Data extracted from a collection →
__________
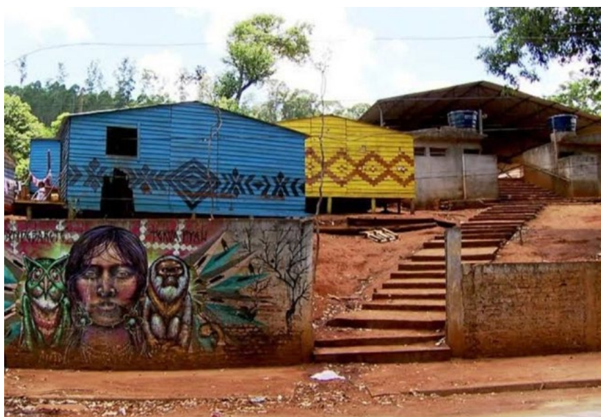
Imagem 5 – Aldeia indígena do Jaraguá, na Zona Norte de São Paulo 11 .

Para além da ótica que compõe as favelas do Brasil, o Pico do Jaraguá também é um lugar ancestral e que abriga várias famílias oriundas de povos indígenas que habitavam aquela região e que quase foi mais uma vítima da especulação imobiliária – que assola aquela região até os dias atuais. O Pico do Jaraguá é conhecido como um lugar de forte resistência, de luta violenta contra as grandes construtoras que sonham em invadir aquele lugar para grandes construções, assim como uma parcela favorável de São Paulo.
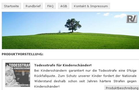
„Todesstrafe für Kinderschänder“: Screenshot vom Resistore-Vertrieb
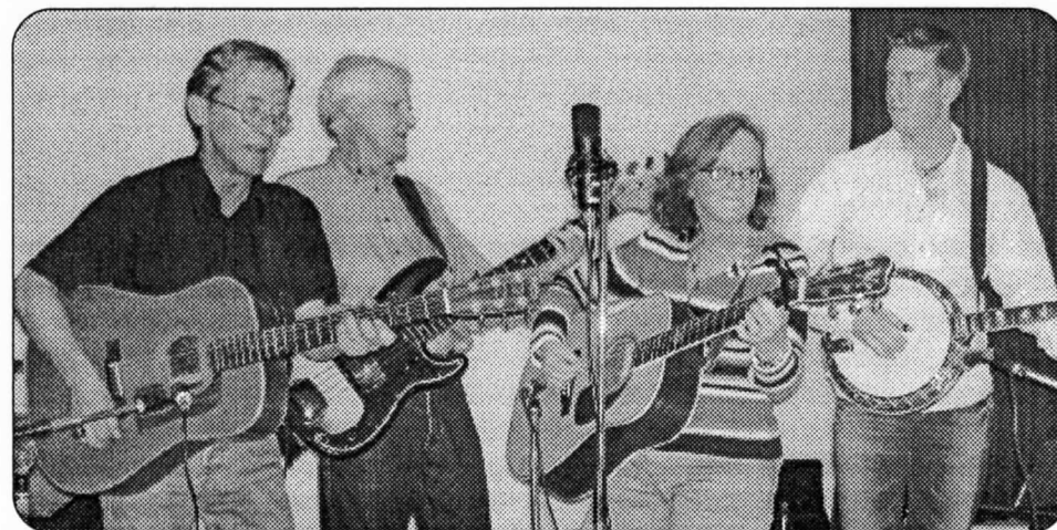
Kvällens succégrupp - Florence and the Nightingales

Nu går det inte att förtränga längre och låtsas som ingenting. Det är mörkt redan klockan sju på kvällen. Även om man väldigt gärna vill så kan man inte längre säga att det är sensommar. Det är höst. Så är det bara! Det gäller att hitta något positivt med detta. Svårt så där direkt, men med lite eftertanke så går det. Just där var ordet. Hösten är tiden för eftertanke. Vi får tid att sänka takten och besinna oss. Tid till eftertänksamhet. Det ligger något stort och fridfullt i det. Hösten är också planernas, föresatsernas, viljornas och beslutens tid. Kanske skall man gå den där kursen man tänkt på så länge. Eller verkligen träna på ukulelen tjugo minuter varje kväll, före Rapport. Se där, så snabbt blev hösten möjligheternas tid. Red.
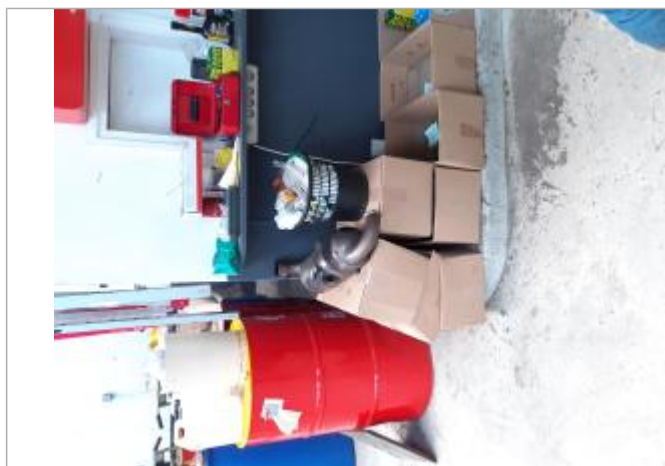
inondation jusqu'au haut de la margelle
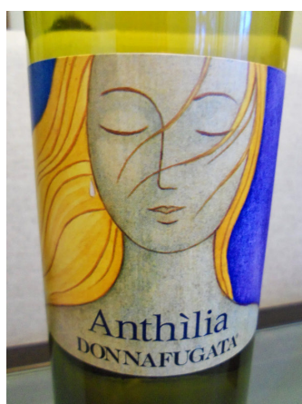
Anthilia di Donnafugata

La viticoltura siciliana ha fatto passi da gigante negli ultimi decenni; sono infatti lontani i tempi in cui le aziende del nord Italia acquistavano uva dai produttori del sud per tagliare i loro vini poveri di zuccheri, mentre sono passati (o stanno passando) i tempi in cui i viticoltori siciliani facevano vini concentrati, pesanti, vanigliati per seguire le mode d'oltreoceano.
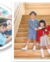
楽しいイベント盛りだくさん♪
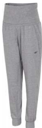
4F 79,90 zł
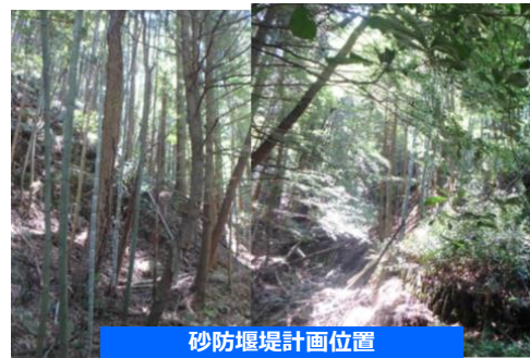
砂防堰堤計画位置
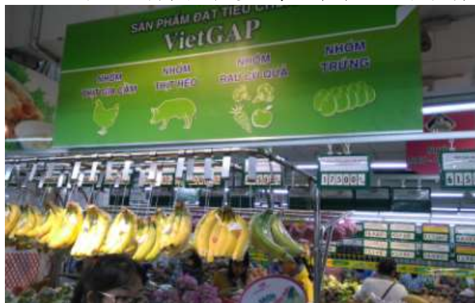
圖 23. 超市的 VietGAP 專區以蔬果為主
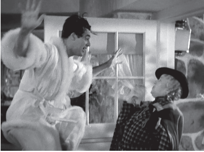
شكل ٥-٩: مشهد «لقد أصبحت فجأةً «سعيدًا/مثليّ الجنس»!« لكاري جرانت مرتديًا رداء حمام كاثرين هيبورن في فيلم «تنشئة بيبي» (١٩٣٨).

رعاة البقر في ستينيات القرن العشرين وسبعينياته. بين هذا الفيلم بوضوح تفاصيل التحيزات الاجتماعية ضد المثليين في ذلك الوقت، بينما يُقدّم في سياقٍ عامٍ قصة حبّ رقيقةً بين اثنين من الرجال المثليين.
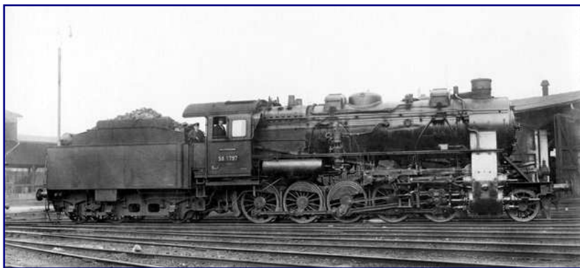
Als die Einheitslokomotiven entwickelt wurden, lagen bereits Erfahrungen mit fünffach gekuppelten Maschinen wie der 58 1797 vom Bw Leipzig-Engelsdorf vor. 1937 wurde die Drillingslok in ihrer Heimatdienststelle fotografiert.

Schon bald nach ihrer Gründung strebte die Deutsche Reichsbahn-Gesellschaft nach einer Vereinheitlichung ihres Fahrzeugparks. Auslöser dieser Entwicklung waren gestiegene Anforderungen aufgrund steigender Zuglasten sowie das Bemühen um eine wirtschaftlichere Wartung und Reparatur durch Vorhaltung standardisierter und einheitlicher Bauteile. Das Ergebnis dieser Anstrengungen waren die so genannten Einheitslokomotiven.
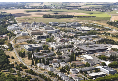
Plateau de Saclay
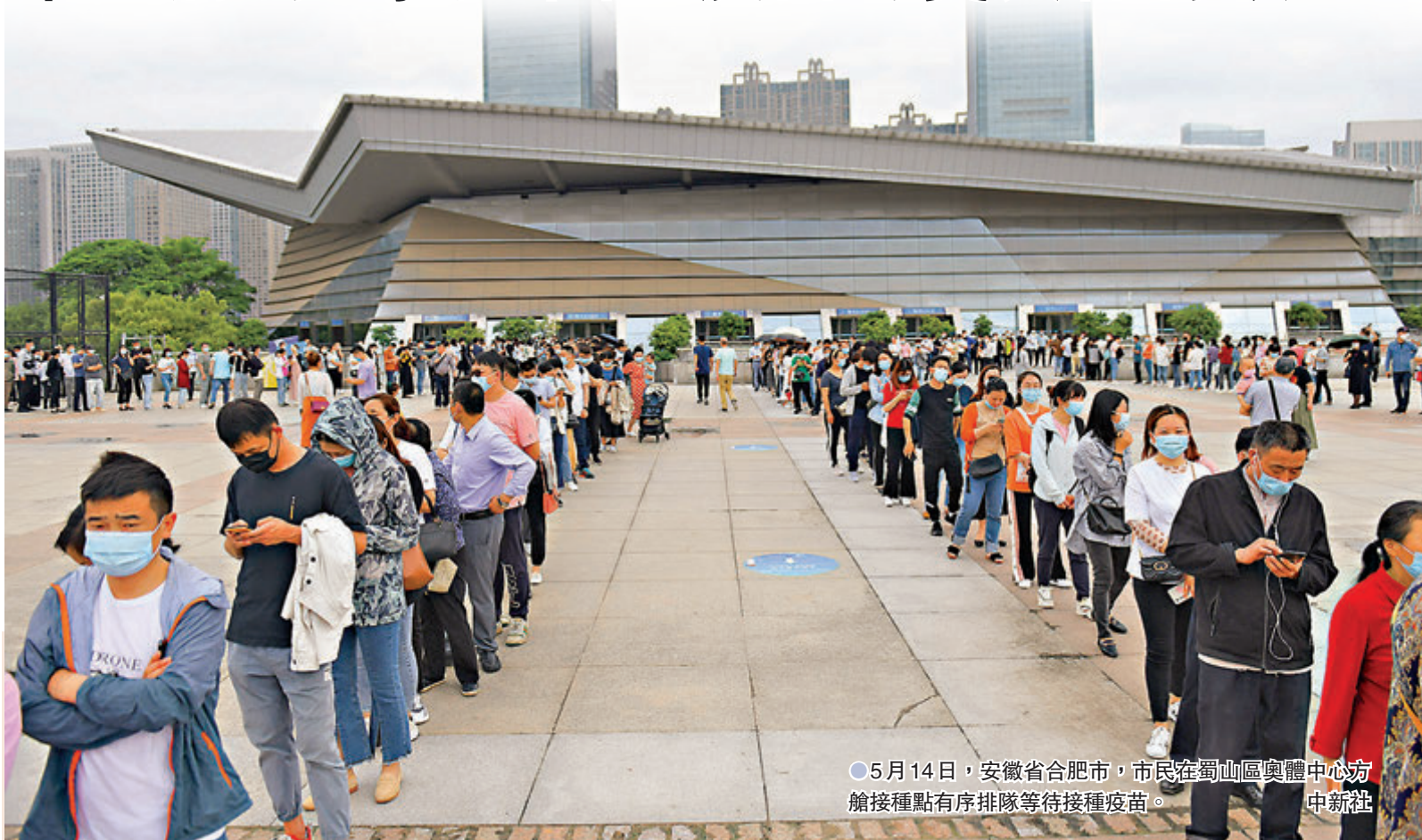
5月14日，安徽省合肥市，市民在蜀山區奧體中心方艙接種點有序排隊等待接種疫苗。

國家衛健委還表示，內地新冠疫苗接種工作保持穩妥有序、向上向好的態勢。截止到5月13日，內地累計接種新冠病毒疫苗36,691萬劑次，目前日接種能力超過2,000萬劑次。
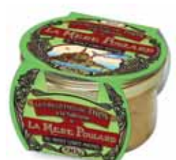
50198. Rillettes de thon à la salicorne
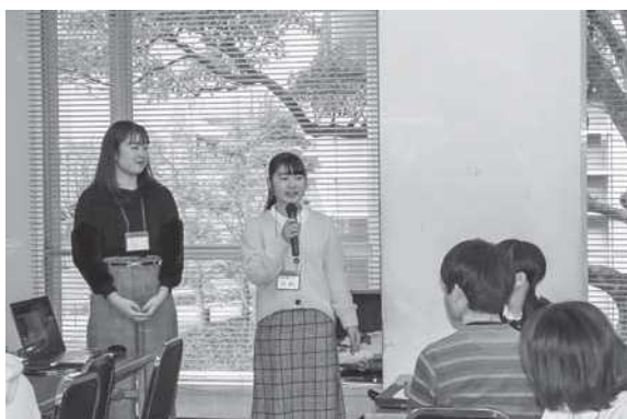
事例発表を行う高校生1
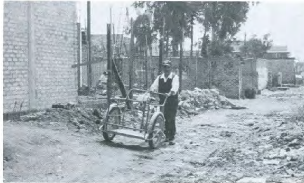
SE HAN ORGANIZADO JORNADAS DE LIMPIEZA DIARIAS, Y YA LE ESTÁN CAMBIANDO EL ROSTRO A CHIMALHUACÁN

armada, como un grupo de choque. Por tal motivo, puesto que las acusaciones que en ese sentido se le han hecho con anterioridad nunca han sido avaladas con pruebas fehacientes de ningún tipo, es decir, nunca han sido demostradas de modo irrefutable, es legítimo pensar, a la luz de los resultados actuales, que tales acusaciones anteriores son falsas, que se trató de imputaciones gratuitas que, como en el caso Chimalhuacán,
__________
What is required → Above are the records. Copy only the lines from the one with "圖 23. 超市的 VietGAP 專區以蔬果為主" through the one with "رعاة البقر في", exactly, with no pictures.

Result for this exercise →
圖 23. 超市的 VietGAP 專區以蔬果為主
شكل ٥-٩: مشهد «لقد أصبحت فجأةً «سعيدًا/مثليّ الجنس»!« لكاري جرانت مرتديًا رداء حمام كاثرين هيبورن في فيلم «تنشئة بيبي» (١٩٣٨).

رعاة البقر في ستينيات القرن العشرين وسبعينياته. بين هذا الفيلم بوضوح تفاصيل التحيزات الاجتماعية ضد المثليين في ذلك الوقت، بينما يُقدّم في سياقٍ عامٍ قصة حبّ رقيقةً بين اثنين من الرجال المثليين.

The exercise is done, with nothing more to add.